- Church: Coptic Orthodox Church

Personal details
- Born: Sorial Ayad Sorial 17 January 1955 Sudan
- Died: 17 January 2002 (aged 47) California, United States
- Occupation: Bishop
- Alma mater: University of Khartoum

= Bishop Karas =

Sudanese-American bishop

Bishop Karas (born Sorial Ayad Sorial) was the first bishop of the Coptic Orthodox Church in the United States and the first abbot of the church's first monastery outside Egypt.

==Early life==
Sorial Ayad Sorial was born on 17 January 1955, in Sudan. Sorial was devout at a young age, and received a strong Orthodox upbringing. After Sorial finished his bachelor's degree in chemical engineering from the University of Khartoum, he left to France to pursue a doctorate at the University of Toulouse.

==Career==

On 18 January 1981, he attempted to enter Monastery of Saint Bishoy but was stopped by the Abbot, Bishop Sarabamoun, who told him to return to France to continue his education. Sorial replied, “No one, having put his hand on the plough can look back.” (Luke 9:62) The Abbot then allowed him to enter. On November 14, 1981, Sorial was ordained a monk and given the name Father Karas. Pope Shenouda III ordained him as a priest on 14 February 1984, and assigned him to head the Papal Center in St. Bishoy Monastery.

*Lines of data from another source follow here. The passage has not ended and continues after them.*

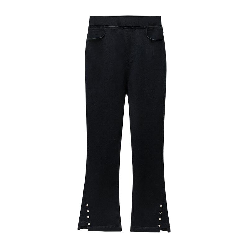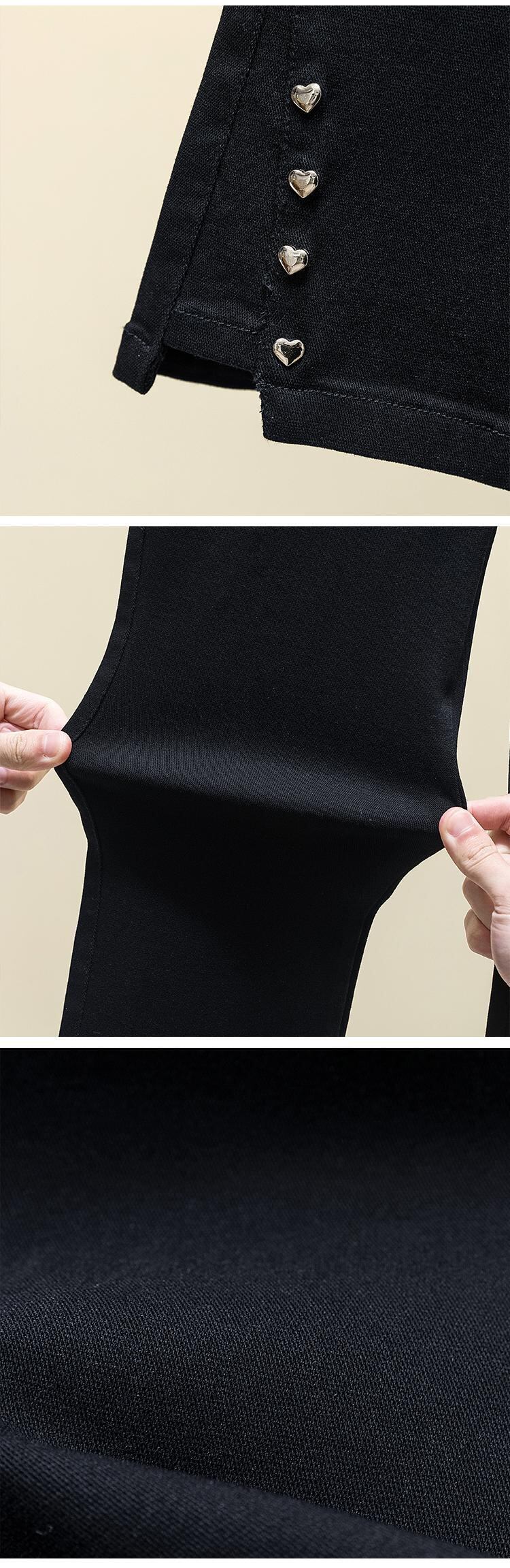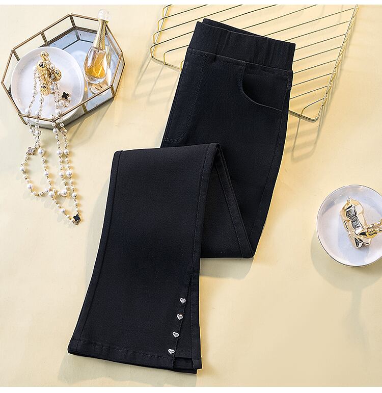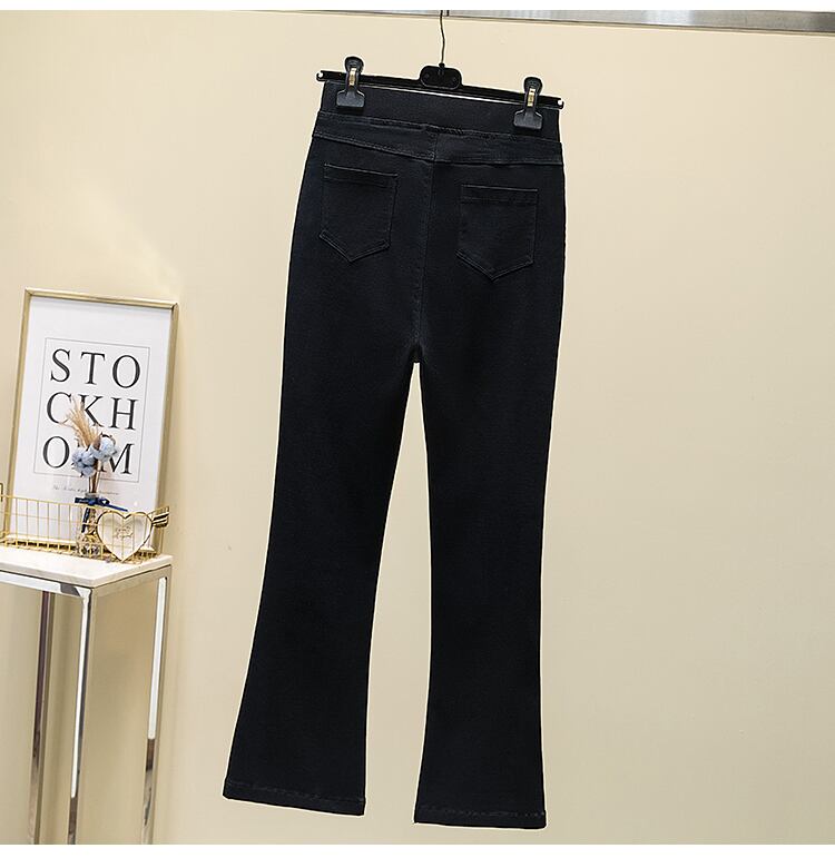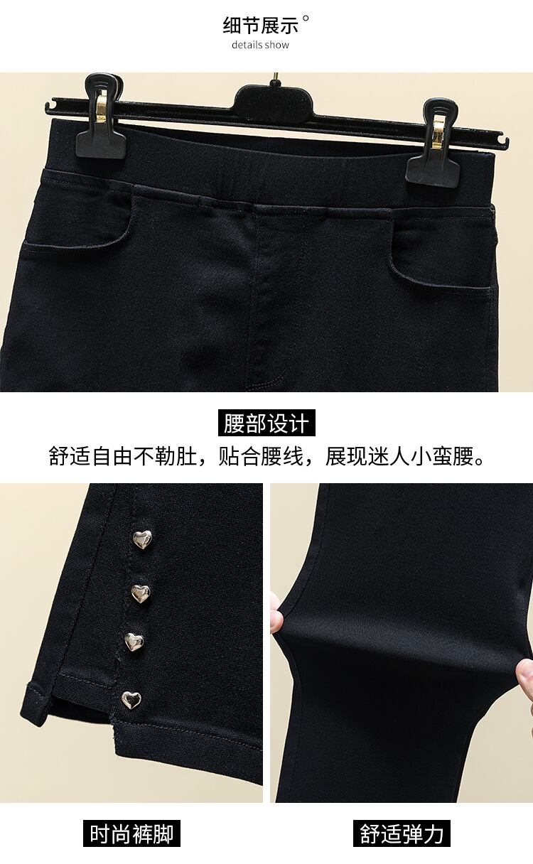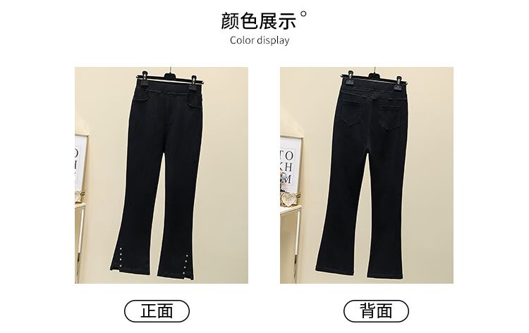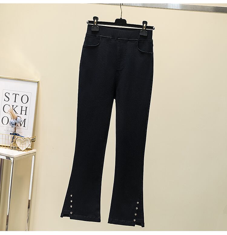 プラスサイズの婦人服 2023 ファットシスター春の新作ラブブレストマイクロフレア九点パンツハイウエストスリットカジュアルパンツ ハイウェスト 大きめサイズ スプリング 春物 8884189474380186
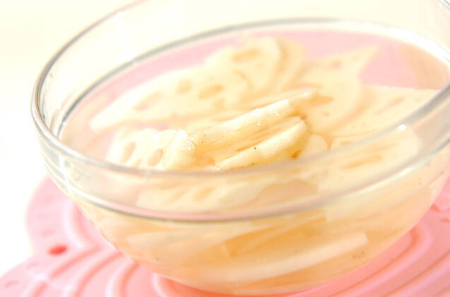 レンコンは皮をむいて幅5mmの輪切りにし、酢水に放つ(レンコンが大きい場合は、幅5mmの半月切りにする)。
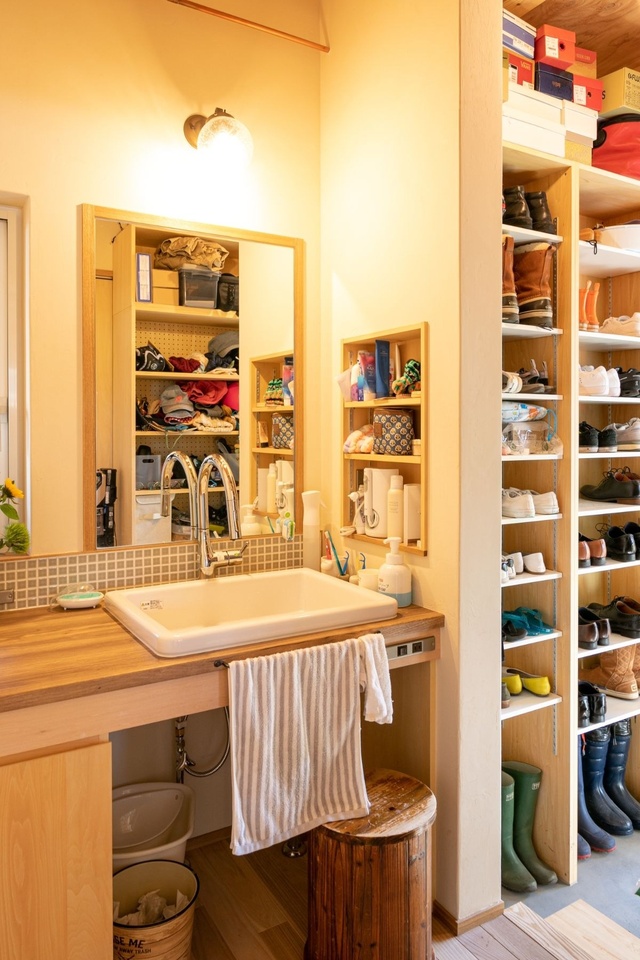 キッチンの向かい側にある、家型フォルムの間口の奥は洗面所になっています。造作の洗面台は収納たっぷり。踏み台もラックの下にすっきり収納できます。
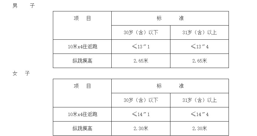 2.体能测试有一项不合格则失去进入下一环节资格。
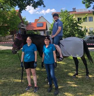 Selbst der erste Bürgermeister Uwe König ließ es sich nicht nehmen hoch zu Roß seine Runden zu drehen. v.r.n.l. 1. Vorsitzende RSG Großschönbrunn-Seugast e.V. Christa Bauer, Pferdebegleiterin Franziska Hager
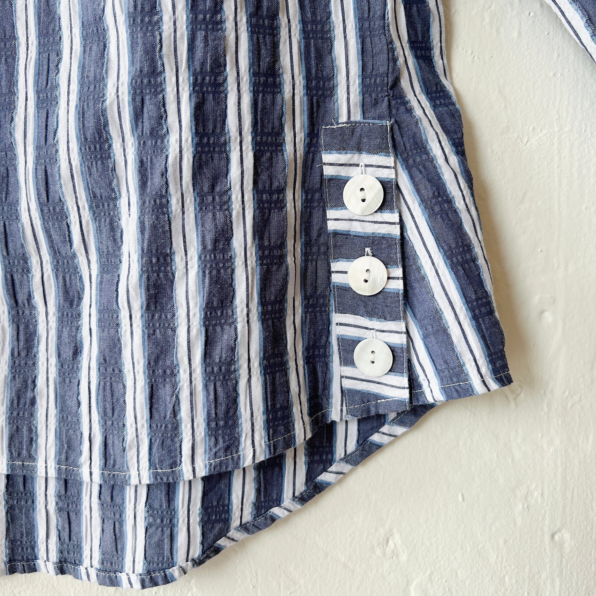 Palm Beach Stripe Ribbon Trim Tunic in Indigo
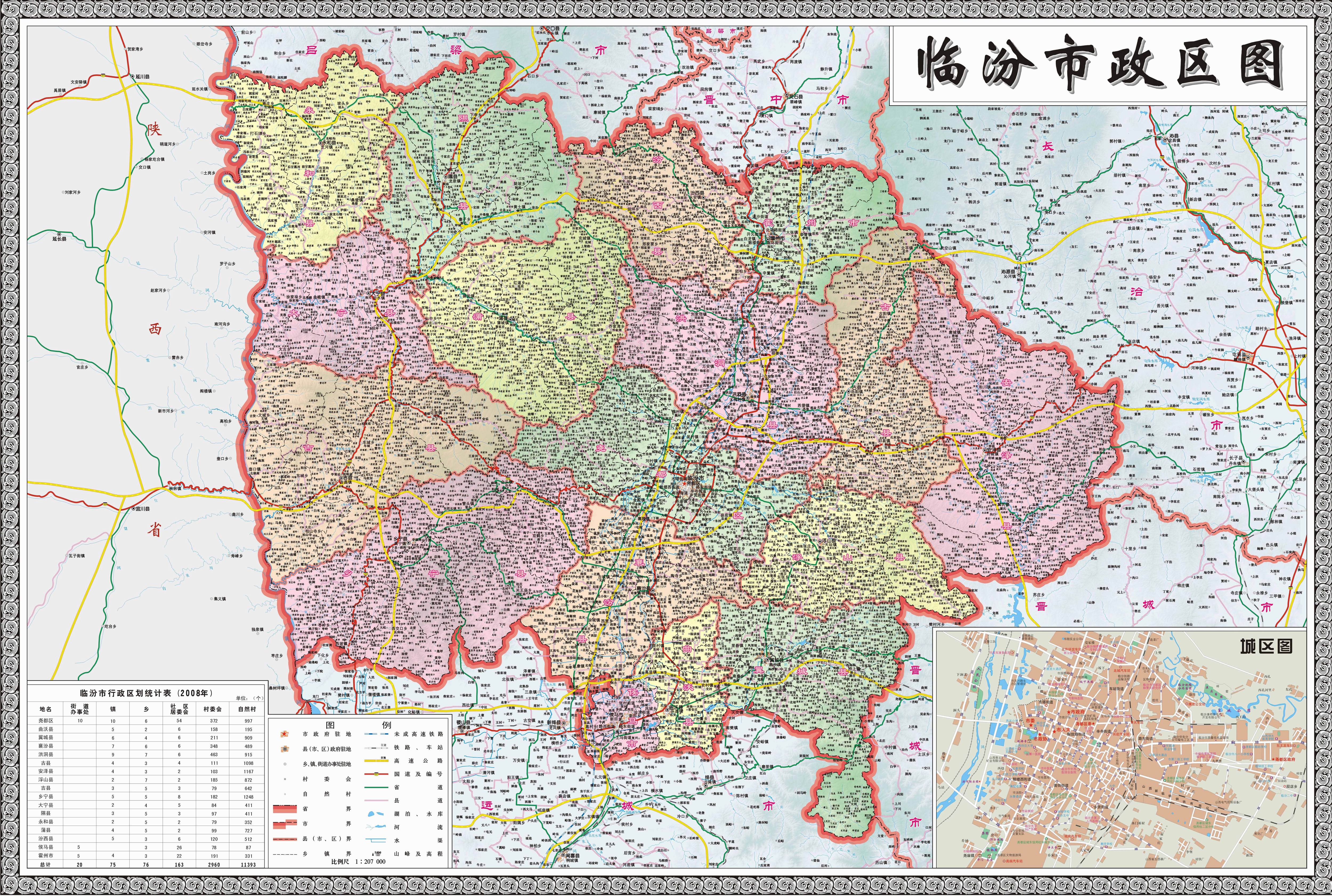臨汾市轄1個市轄區(qū)、14個縣,代管2個縣級市:
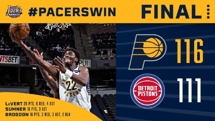 步行者:勒韦尔28分6板4助,萨博尼斯14分11板4助,霍勒迪14分3助3断,布罗格登16分3板3助,萨姆纳18分3助,麦康纳6分3板5助,兰姆7分2助,比塔泽9分5板;
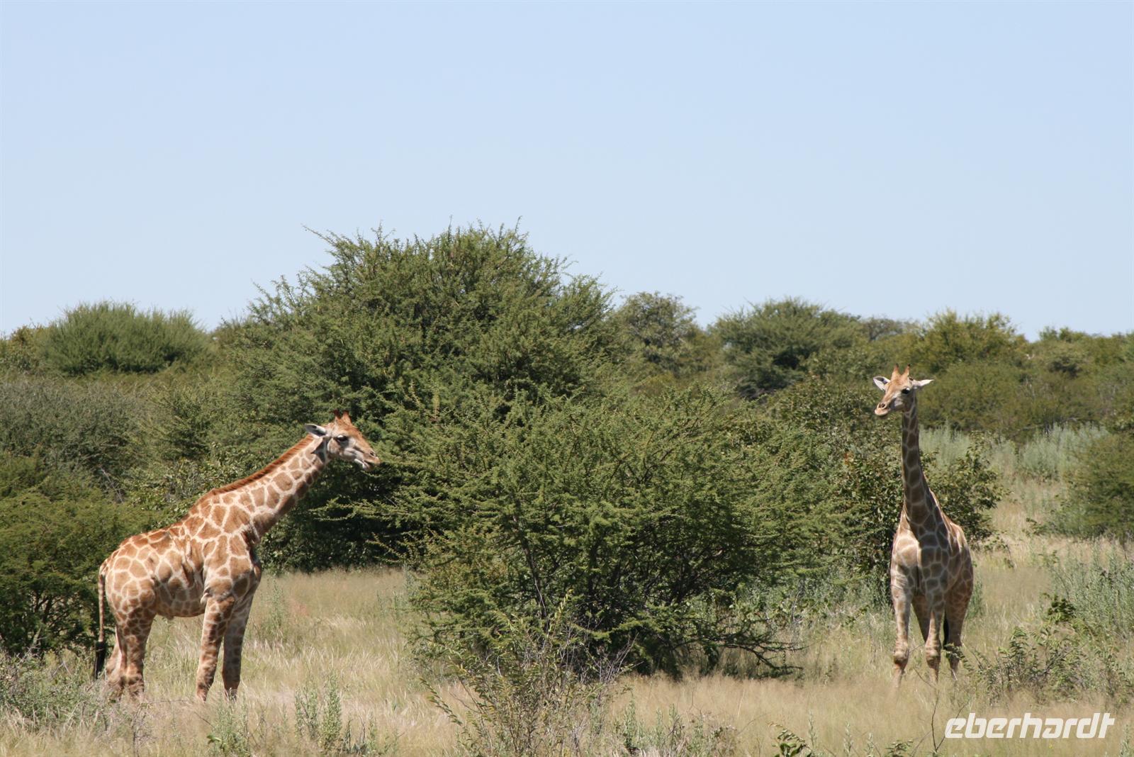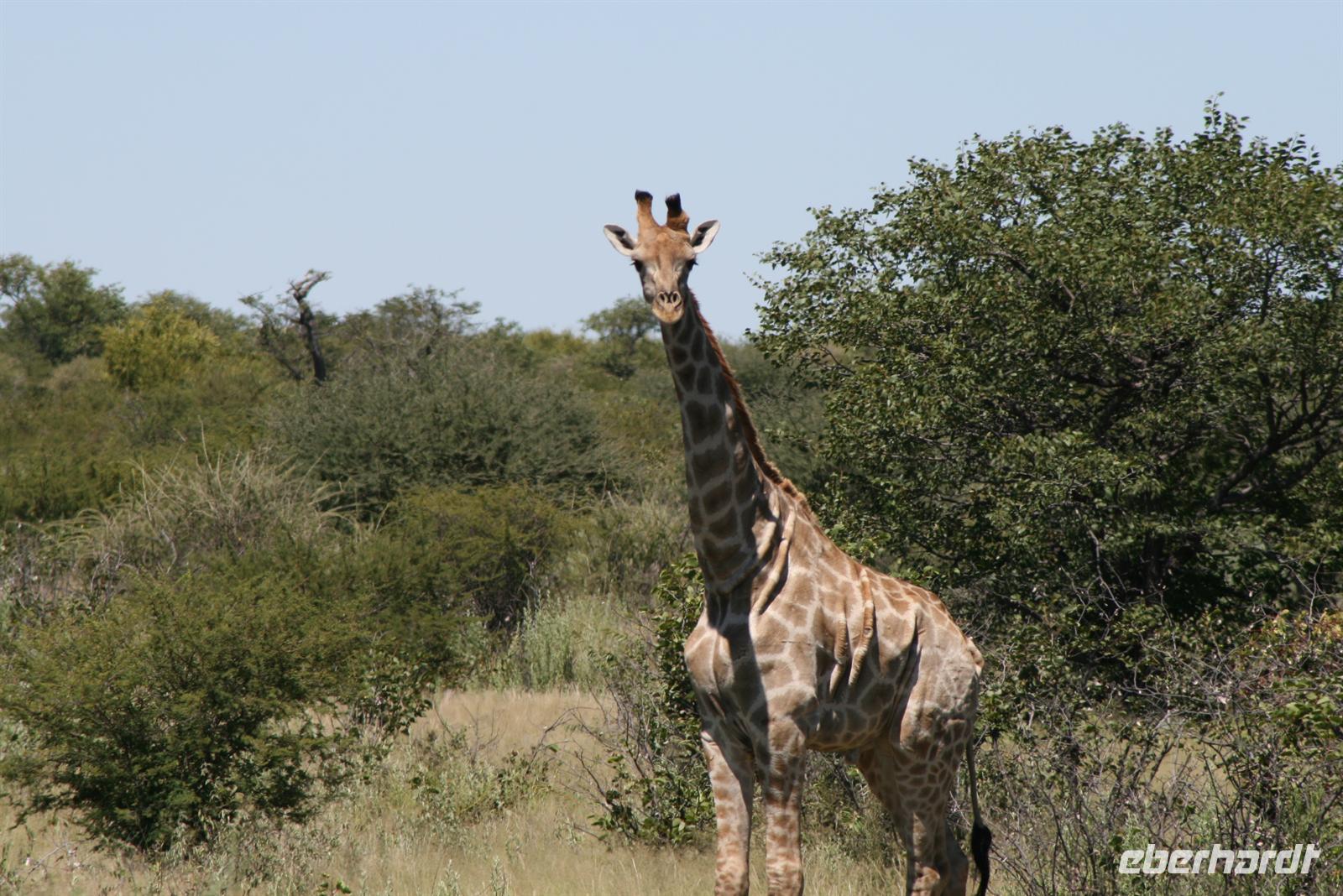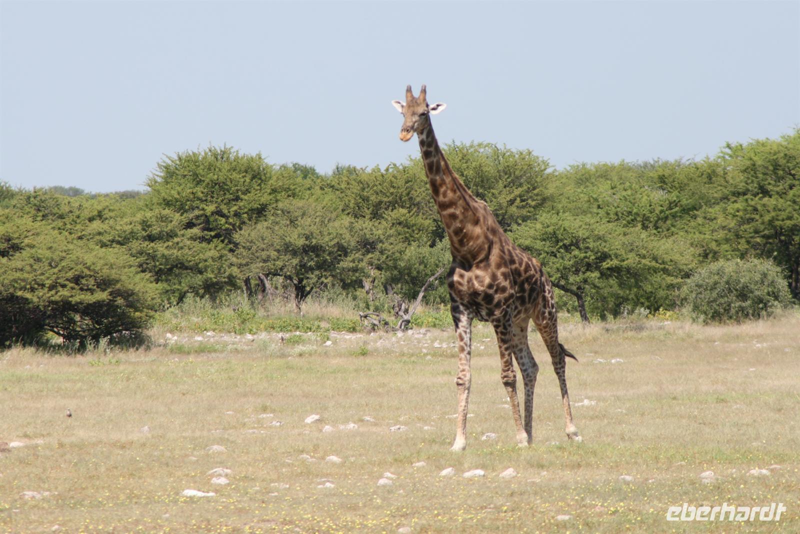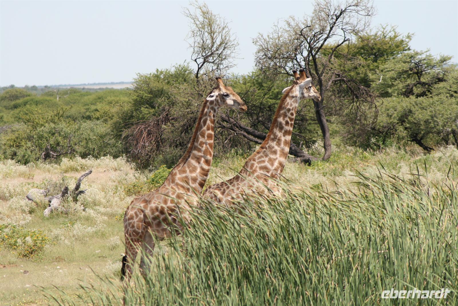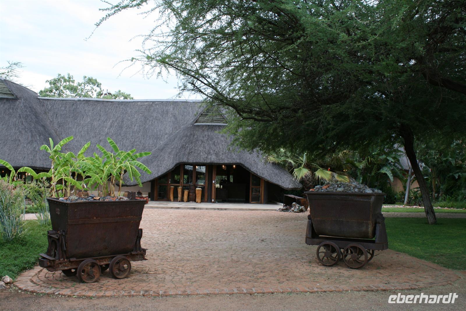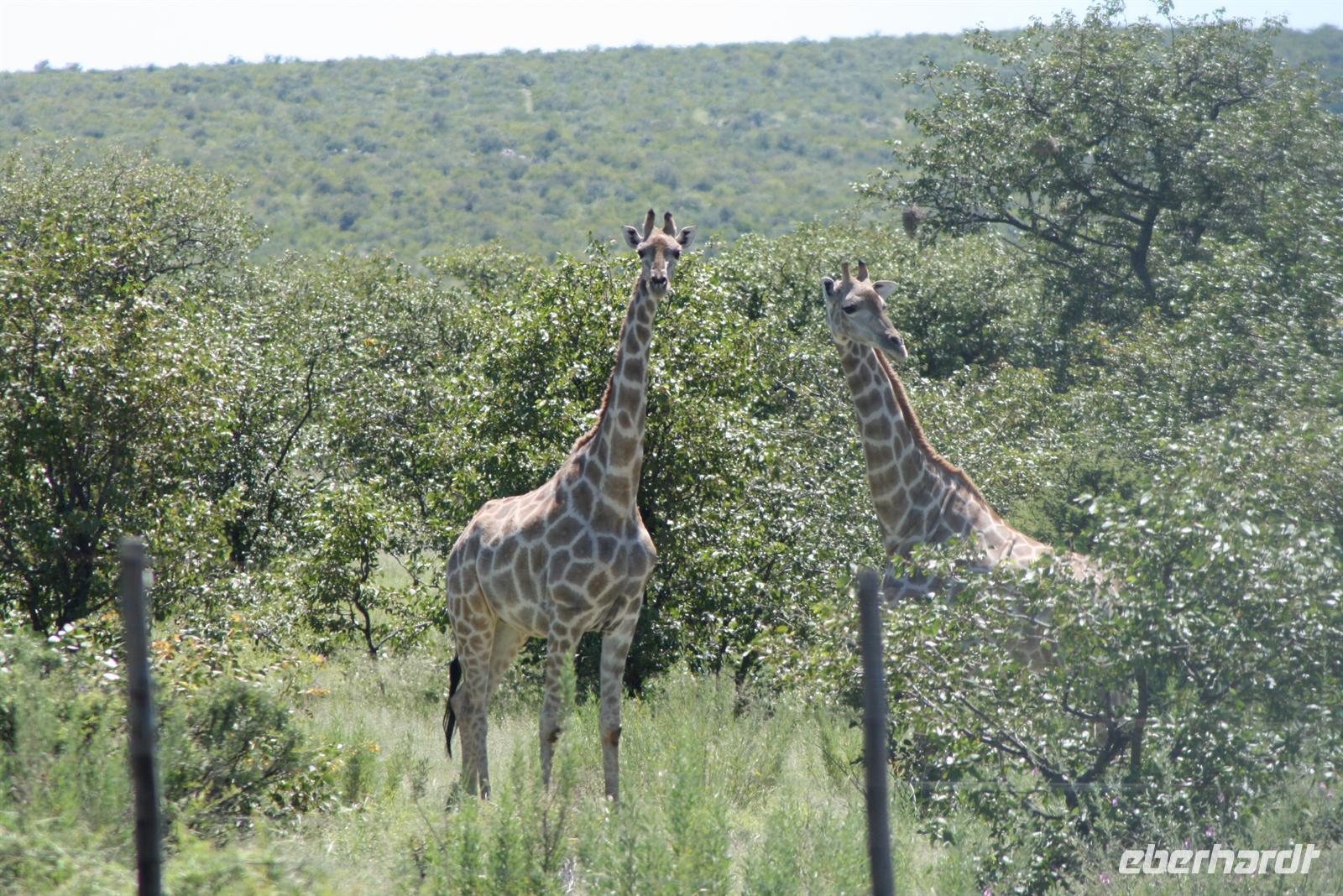 Noch ein letztes Mal versuchen wir ein paar der beeindruckenden Tiere des Etosha Nationalparks zu Gesicht zu bekommen. Und wir haben auch an diesem Tag außerordentliches Glück. Schon nach wenigen Minuten Fahrt in Richtung Norden entdeckten wir Giraffen im Gebüsch. Am nächsten Wasserloch zeigte sich ein Tier, dann in voller Größe. Obwohl es hieß alle Elefanten währen gerade ausgeflogen, entdeckten unser Wildsafariexperte Nico einen frischen Elefantenfussabdruck und abgeknickten Bäume. Nun die Hoffnung stirbt zu letzt, so begegneten wir zwei jungen Bullen mitten im dichten Gebüsch links und rechts der Strasse. Beide waren aktiv dabei zu fressen und zu baden. Im Großen und Ganzen drei gelungene Tage mit vielen Eindrücken und riesigem Glück (man könnte es auch den sechsten Sinn von Nico verdanken!) so viele verschiedene und teilweise auch seltene Tiere in der freien Natur zu beobachten. Nur einige Kilometer vom Etosha Nationalpark entfernt liegt die liebevoll gestaltete „!Uris Safari Lodge", wo wir mit Paukenschlägen empfangen werden. Den Nachmittag konnten wir uns am Pool oder in der schöngestalteten Anlage vertreiben, bevor man uns zum eleganten Abendtisch bat.

On 23 May 1989 Pope Shenouda elevated Father Karas to Hegumen.

Hegumen Karas was appointed to head the new Monastery of St. Antony the Great in Newberry Springs, California (near Barstow, California) on 26 September 1989.

The Bishops and Metropolitans of the Holy Synod of the Coptic Orthodox Church unanimously agreed to the elevation of Father Karas as Bishop and Abbot in recognition of the monastery's prosperity; he was consecrated as a bishop on 6 July 1991, by Pope Shenouda III.

In 1998 Bishop Karas was diagnosed with lung cancer and was given nine months to live. The bishop continued to celebrate the Divine Liturgy, followed the regular fast schedule and lived a strict ascetic life. He met daily with visitors, even though he was receiving chemotherapy treatment. On 10 January 2002, Bishop Karas suffered a stroke and fell into a coma; he died in the early morning of January 17, the day before his 47th birthday.